Limitations and Future Work
While Selftok addresses core theoretical and practical limitations of spatial and hybrid VLM tokenizer architectures, it substantially increases token throughput requirements—LLMs are bottlenecked in generation speed relative to diffusion models. Scaling to high-resolution images or video generation (e.g., 512×512 with 2K+ tokens per frame) remains computationally intensive.
Figure 12: Promising preliminary results on 512×512 scaling via token reuse and multi-resolution Selftok.

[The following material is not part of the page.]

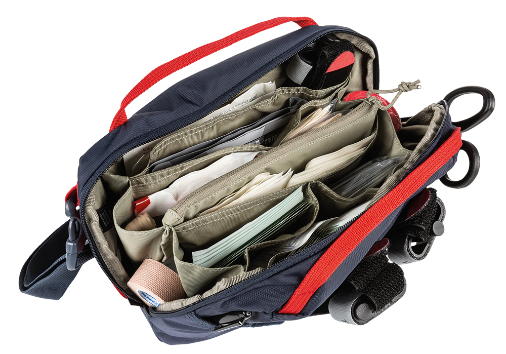 5.11 Tactical Emergency Ready Bag is a convenient and compact first aid emergency bag with stowable crossbody/waist belt

Current models have not yet demonstrated cross-modal emergent capabilities at scale due to limited model capacity and training data. Planned extensions include physics-aware RL for video models and large-scale evaluation of cross-modal transfer.
Conclusion
Selftok establishes a rigorous AR formulation for visual tokenization, aligning causality of image discrete representations with AR LLM protocols and enabling direct application of reinforcement learning for vision. The observed qualitative and quantitative improvements validate the theoretical critique of spatial tokenization and the power of an AR, diffusion-driven non-spatial visual tokenizer. The path forward is clear: scaling Selftok to higher resolutions and longer sequences, and leveraging its compatibility with LLM RL pipelines, to unlock robust, interactive, and synergistic multimodal reasoning and generation at scale.